Archive

Posts Tagged ‘SCOTUSblog’
November 26th, 2012 at 11:38 am
Liberty Case Advances by Going Back

Last week I blogged here about the decent prospects for several remaining court challenges to ObamaCare. One of those cases I mentioned was that of Liberty University. Today, the Supreme Court sent the case back to the Fourth Circuit to be reconsidered — which, as ScotusBlog explains, is a step forward for the case, by keeping it very much alive.

Summary paragraph:

The Supreme Court on Monday arranged for a Virginia university to go forward with new challenges to two key sections of the new federal health care law — the individual and employer mandates to have insurance coverage.  The Court did so by returning the case of Liberty University v. Geithner (docket 11-438) to the Fourth Circuit Court to consider those challenges.  The Court last Term had simply denied review of Liberty University’s appeal, but on Monday wiped out that order and agreed to send the case back to the appeals court in Richmond for further review.

This is very good news to those of us who believe in liberty — and, of course, for Liberty, too.

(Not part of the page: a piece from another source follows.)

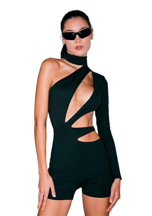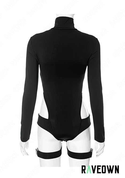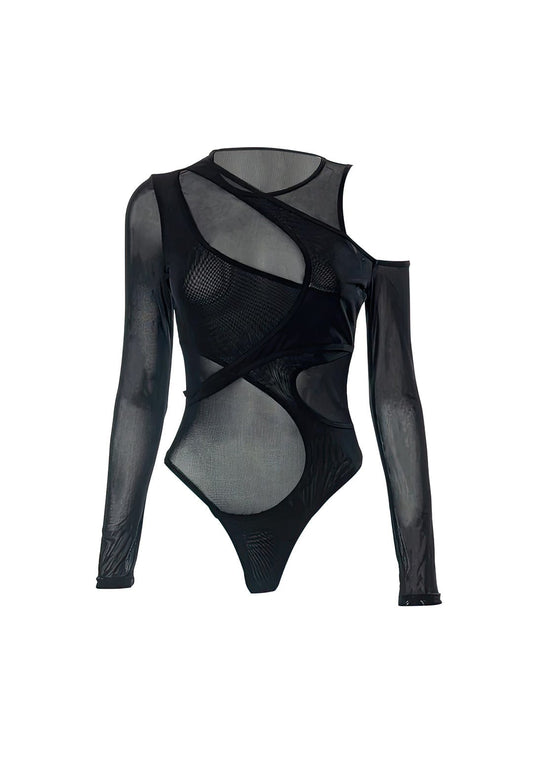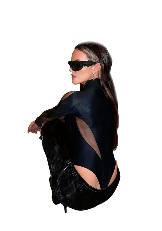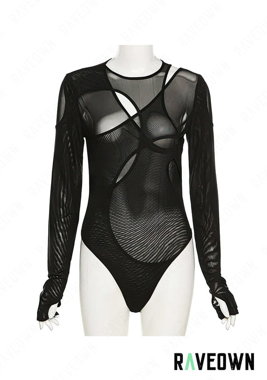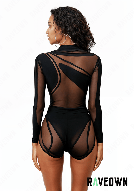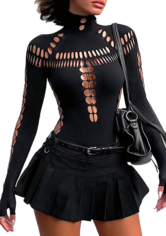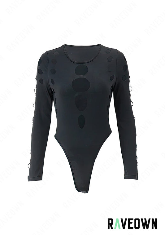 Body Manche Longue Noir Ajouré Géometrique | High.Rave

June 27th, 2012 at 12:01 pm
Supreme Court Guru’s Hunch: ObamaCare’s Individual Mandate Will Stand

Tom Goldstein, who has argued 25 cases before the U.S. Supreme Court, bucks conventional wisdom with his latest prediction regarding the High Court’s ObamaCare ruling tomorrow. 

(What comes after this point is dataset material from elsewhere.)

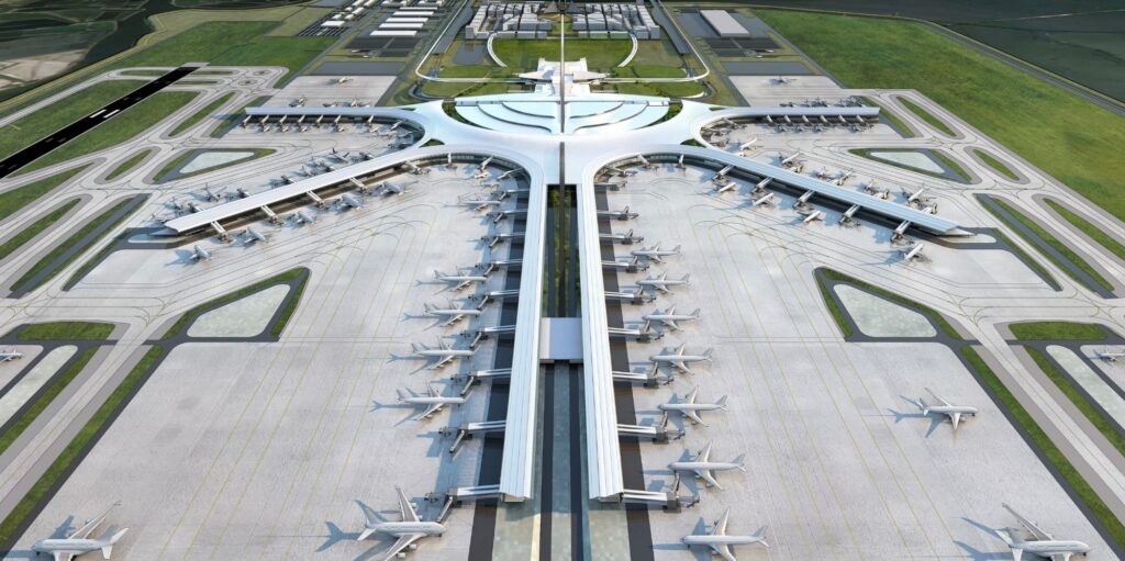 Despite lingering concerns, construction continues to accelerate. Plans call for a single vast passenger terminal designed to process all 100 million travelers annually, six concourses extending from the main hall, a 52,000-square-meter cargo terminal capable of handling 500,000 tons of freight each year, and four runways from 2,600 to 3,500 meters with a combined capacity of 240 aircraft movements per hour.

Over at SCOTUSblog, a site he co-founded, Goldstein writes:

[I]n the end, based on the entire mix of information I have, I think the mandate will not be struck down tomorrow.  (Neither I, nor anyone else, has any inside information.)  My prediction includes the possibility that there will not be a single majority opinion for the theory on which the mandate is upheld, and even the thin possibility that the Court will not have a majority to find the mandate constitutional.

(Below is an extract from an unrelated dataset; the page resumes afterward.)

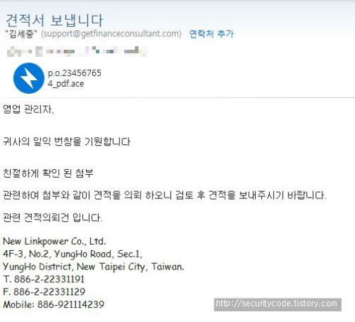 보안분석 : 견적서를 사칭한 악성메일 유포 주의 (2018.11.14)

As to the other major ObamaCare questions before the Court, Goldstein predicts:

Far less important, I expect the principal opinion will be written by the Chief Justice; a majority of the Court will find it has jurisdiction; and the challenge to the Medicaid expansion will be rejected.

Goldstein does acknowledge that most Supreme Court observers disagree with his prediction and that his own confidence in it “isn’t overwhelming.”  Coming from such a well-respected and brilliant legal mind, Goldstein’s prediction isn’t reassuring either.